* _The task_
From the first line to the last, copy the material word for word; pictures stay out.

* _Dataset excerpt_
* * * *
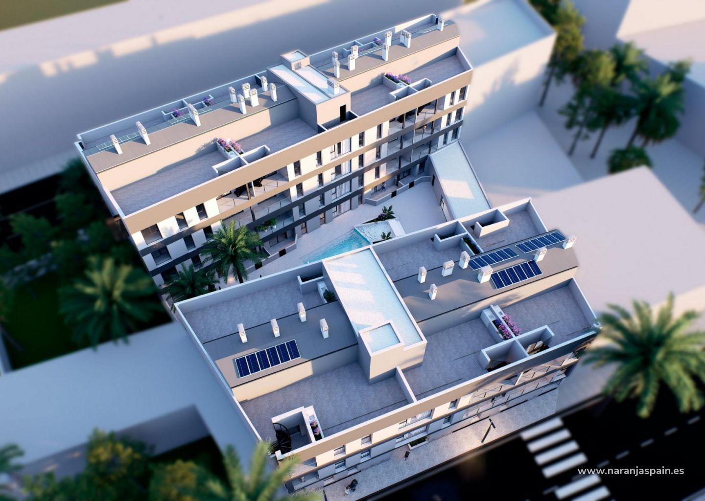 Nybyggede leiligheter til salgs i Lo Pagan (San Pedro del Pinatar) nær stranden Moderne middelhavsstil i Lo Pagan Oppdag disse stilige nybyggede leilighetene til salgs i Lo Pagan, et sjarmerende kystområde i San Pedro del Pinatar på den vakre Costa Calida. Dette boligprosjektet ligger i det velkjente nabolaget Los Cuarteros og tilbyr en privilegert livsstil bare 500 meter fra stranden og i nærheten av alle nødvendige tjenester, restauranter, butikker og fritidsområder. Lo Pagan er kjent for sin avslappede atmosfære ved sjøen, det rolige vannet i Mar Menor og mer enn 300 soldager hvert år. Området kombinerer tradisjonell spansk sjarm med moderne fasiliteter, noe som gjør det til et ideelt reisemål både for permanent opphold og ferieboliger. Moderne leiligheter med terrasser og private solterrasser Utbyggingen tilbyr et utvalg av leiligheter i første og andre etasje med romslige terrasser, samt eksklusive penthouse-leiligheter med private solterrasser på taket. Solterrassene har pergola og grillområde, noe som skaper den perfekte rammen for å spise ute og slappe av under middelhavssolen. Hver eiendom er designet for å kombinere moderne arkitektur med varm middelhavsstil. Det åpne kjøkkenet integreres sømløst med stue og spisestue, og skaper lyse og komfortable oppholdsrom. Store terrasser utvider innendørsarealene og gir det perfekte stedet for frokost eller kveldssamlinger utendørs. Soverommene har innebygde garderober, og de moderne badene er fullt utstyrte, noe som gir komfort og elegant finish i hele hjemmet. Kvalitetsfunksjoner og fellesfasiliteter Disse boligene er bygget med sans for detaljer og har høykvalitets spesifikasjoner for å sikre komfort og effektivitet. Fullt møblert kjøkken utstyrt med hvitevarer Fullt utstyrte bad med moderne finish Fullt installert klimaanlegg Privat parkeringsplass og bod inkludert i hver bolig Beboerne kan også nyte gode fellesfasiliteter, inkludert et svømmebasseng omgitt av avslapningsområder og et fullt utstyrt treningsstudio, ideelt for å opprettholde en aktiv livsstil hele året. Utmerket beliggenhet på Costa Calida Dette boligprosjektet har en strategisk beliggenhet nær strender, golfbaner og viktige destinasjoner langs kysten. Playa de Villananitos 0,5 km Real Club Nautico de Lo Pagan 0,5 km Lo Romero Golf 10 km Murcia internasjonale lufthavn 40 km Cartagena 35 km De nærliggende strendene i Mar Menor, som Playa de La Puntica, er kjent for sin fine sand og rolige vann, ideelt for svømming, seiling og vannsport. Ditt nye hjem ved sjøen venter Nyt sol, strender og et livlig kystliv i et av de mest ettertraktede områdene på Costa Calida. Kontakt oss i dag for mer informasjon om disse nybygde leilighetene i Lo Pagan og sikre deg din plass ved sjøen.
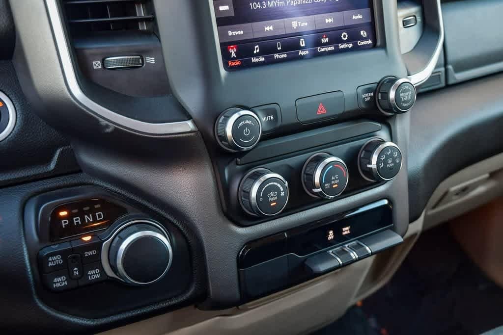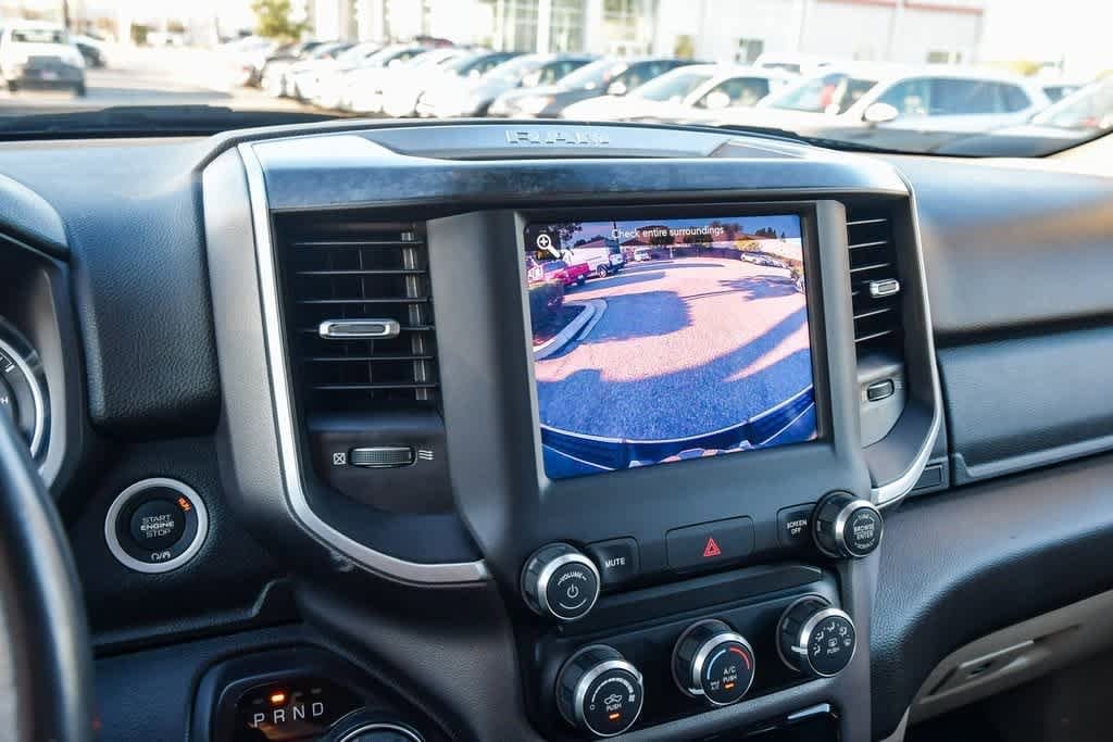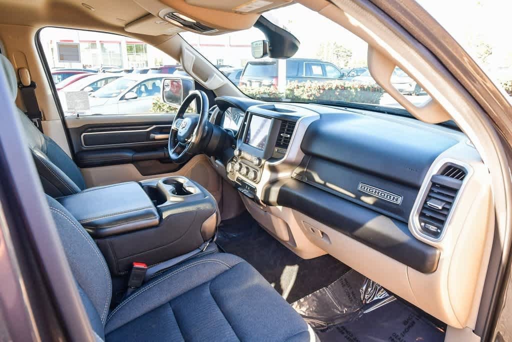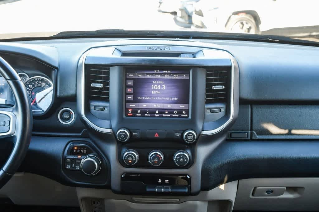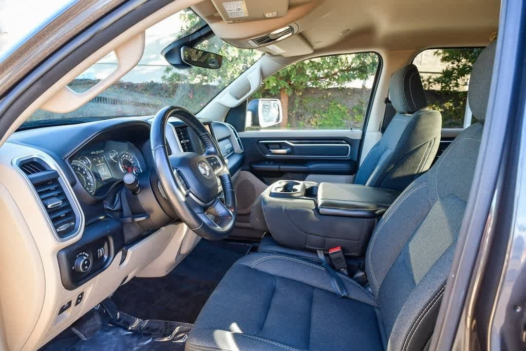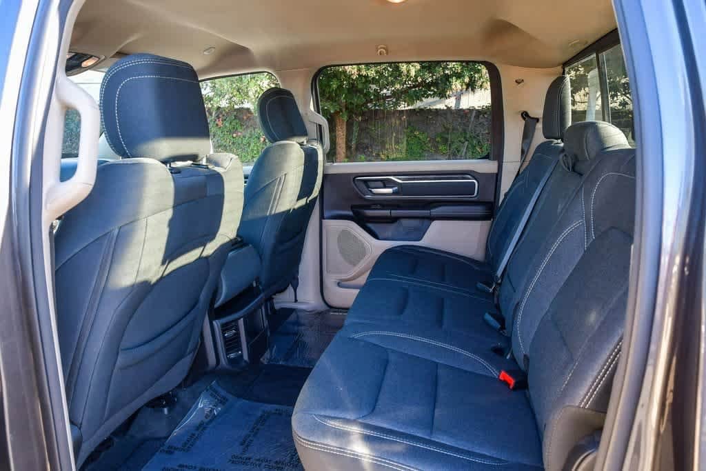 Granite Crystal Metallic Clearcoat 2020 Ram 1500 Big Horn/Lone Star 4WD 8-Speed Automatic HEMI 5.7L V8 Multi Displacement VVT 2nd Row In Floor Storage Bins, 3 Rear Seat Head Restraints, 4 Way Front Headrests, 4-Wheel Disc Brakes, 48V Belt Starter Generator, 6 Speakers, Alloy wheels, Auto-Dimming Rear-View Mirror, Big Horn IP Badge, Big Horn Level 1 Equipment Group, Black Premium Power Mirrors, Brake assist, Bumpers: chrome, Class IV Receiver Hitch, Cloth Bench Seat, Cluster 3.5 TFT Color Display, Driver door bin, Dual front impact airbags, Dual front side impact airbags, Electronic Stability Control, Foam Bottle Insert (Door Trim Panel), Front anti-roll bar, Front Center Armrest w/Storage, Front Seat Back Map Pockets, Front wheel independent suspension, Glove Box Lamp, GPS Antenna Input, Heated door mirrors, Illuminated entry, Leather steering wheel, Occupant sensing airbag, Overhead airbag, Overhead console, Panic alarm, ParkView Rear Back-Up Camera, Passenger door bin, Passenger vanity mirror, Power 4-Way Driver Lumbar Adjust, Power 8-Way Driver Seat, Power Adjustable Pedals, Power door mirrors, Radio: Uconnect 3 w/5 Display, Radio: Uconnect 4 w/8.4 Display, Rear 60/40 Folding Seat, Rear anti-roll bar, Rear Dome w/On/Off Switch Lamp, Rear Power Sliding Window, Rear seat center armrest, Rear step bumper, Rear Window Defroster, Remote keyless entry, SiriusXM Satellite Radio, Speed control, Split folding rear seat, Steering wheel mounted audio controls, Sun Visors w/Illuminated Vanity Mirrors, Telescoping steering wheel, Tilt steering wheel, Universal Garage Door Opener, Wheels: 20 x 9 Aluminum Chrome Clad.
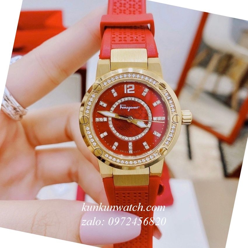 ◼️ Đồng Hồ Nữ Salvatore Ferragamo F80 đính viền đá pha nổi bật. Điểm số mốc 12 giờ kết hợp điểm pha lê các mốc giờ còn lại
* * * *
* _Result of this exercise_
 Nybyggede leiligheter til salgs i Lo Pagan (San Pedro del Pinatar) nær stranden Moderne middelhavsstil i Lo Pagan Oppdag disse stilige nybyggede leilighetene til salgs i Lo Pagan, et sjarmerende kystområde i San Pedro del Pinatar på den vakre Costa Calida. Dette boligprosjektet ligger i det velkjente nabolaget Los Cuarteros og tilbyr en privilegert livsstil bare 500 meter fra stranden og i nærheten av alle nødvendige tjenester, restauranter, butikker og fritidsområder. Lo Pagan er kjent for sin avslappede atmosfære ved sjøen, det rolige vannet i Mar Menor og mer enn 300 soldager hvert år. Området kombinerer tradisjonell spansk sjarm med moderne fasiliteter, noe som gjør det til et ideelt reisemål både for permanent opphold og ferieboliger. Moderne leiligheter med terrasser og private solterrasser Utbyggingen tilbyr et utvalg av leiligheter i første og andre etasje med romslige terrasser, samt eksklusive penthouse-leiligheter med private solterrasser på taket. Solterrassene har pergola og grillområde, noe som skaper den perfekte rammen for å spise ute og slappe av under middelhavssolen. Hver eiendom er designet for å kombinere moderne arkitektur med varm middelhavsstil. Det åpne kjøkkenet integreres sømløst med stue og spisestue, og skaper lyse og komfortable oppholdsrom. Store terrasser utvider innendørsarealene og gir det perfekte stedet for frokost eller kveldssamlinger utendørs. Soverommene har innebygde garderober, og de moderne badene er fullt utstyrte, noe som gir komfort og elegant finish i hele hjemmet. Kvalitetsfunksjoner og fellesfasiliteter Disse boligene er bygget med sans for detaljer og har høykvalitets spesifikasjoner for å sikre komfort og effektivitet. Fullt møblert kjøkken utstyrt med hvitevarer Fullt utstyrte bad med moderne finish Fullt installert klimaanlegg Privat parkeringsplass og bod inkludert i hver bolig Beboerne kan også nyte gode fellesfasiliteter, inkludert et svømmebasseng omgitt av avslapningsområder og et fullt utstyrt treningsstudio, ideelt for å opprettholde en aktiv livsstil hele året. Utmerket beliggenhet på Costa Calida Dette boligprosjektet har en strategisk beliggenhet nær strender, golfbaner og viktige destinasjoner langs kysten. Playa de Villananitos 0,5 km Real Club Nautico de Lo Pagan 0,5 km Lo Romero Golf 10 km Murcia internasjonale lufthavn 40 km Cartagena 35 km De nærliggende strendene i Mar Menor, som Playa de La Puntica, er kjent for sin fine sand og rolige vann, ideelt for svømming, seiling og vannsport. Ditt nye hjem ved sjøen venter Nyt sol, strender og et livlig kystliv i et av de mest ettertraktede områdene på Costa Calida. Kontakt oss i dag for mer informasjon om disse nybygde leilighetene i Lo Pagan og sikre deg din plass ved sjøen.
 Granite Crystal Metallic Clearcoat 2020 Ram 1500 Big Horn/Lone Star 4WD 8-Speed Automatic HEMI 5.7L V8 Multi Displacement VVT 2nd Row In Floor Storage Bins, 3 Rear Seat Head Restraints, 4 Way Front Headrests, 4-Wheel Disc Brakes, 48V Belt Starter Generator, 6 Speakers, Alloy wheels, Auto-Dimming Rear-View Mirror, Big Horn IP Badge, Big Horn Level 1 Equipment Group, Black Premium Power Mirrors, Brake assist, Bumpers: chrome, Class IV Receiver Hitch, Cloth Bench Seat, Cluster 3.5 TFT Color Display, Driver door bin, Dual front impact airbags, Dual front side impact airbags, Electronic Stability Control, Foam Bottle Insert (Door Trim Panel), Front anti-roll bar, Front Center Armrest w/Storage, Front Seat Back Map Pockets, Front wheel independent suspension, Glove Box Lamp, GPS Antenna Input, Heated door mirrors, Illuminated entry, Leather steering wheel, Occupant sensing airbag, Overhead airbag, Overhead console, Panic alarm, ParkView Rear Back-Up Camera, Passenger door bin, Passenger vanity mirror, Power 4-Way Driver Lumbar Adjust, Power 8-Way Driver Seat, Power Adjustable Pedals, Power door mirrors, Radio: Uconnect 3 w/5 Display, Radio: Uconnect 4 w/8.4 Display, Rear 60/40 Folding Seat, Rear anti-roll bar, Rear Dome w/On/Off Switch Lamp, Rear Power Sliding Window, Rear seat center armrest, Rear step bumper, Rear Window Defroster, Remote keyless entry, SiriusXM Satellite Radio, Speed control, Split folding rear seat, Steering wheel mounted audio controls, Sun Visors w/Illuminated Vanity Mirrors, Telescoping steering wheel, Tilt steering wheel, Universal Garage Door Opener, Wheels: 20 x 9 Aluminum Chrome Clad.
 ◼️ Đồng Hồ Nữ Salvatore Ferragamo F80 đính viền đá pha nổi bật. Điểm số mốc 12 giờ kết hợp điểm pha lê các mốc giờ còn lại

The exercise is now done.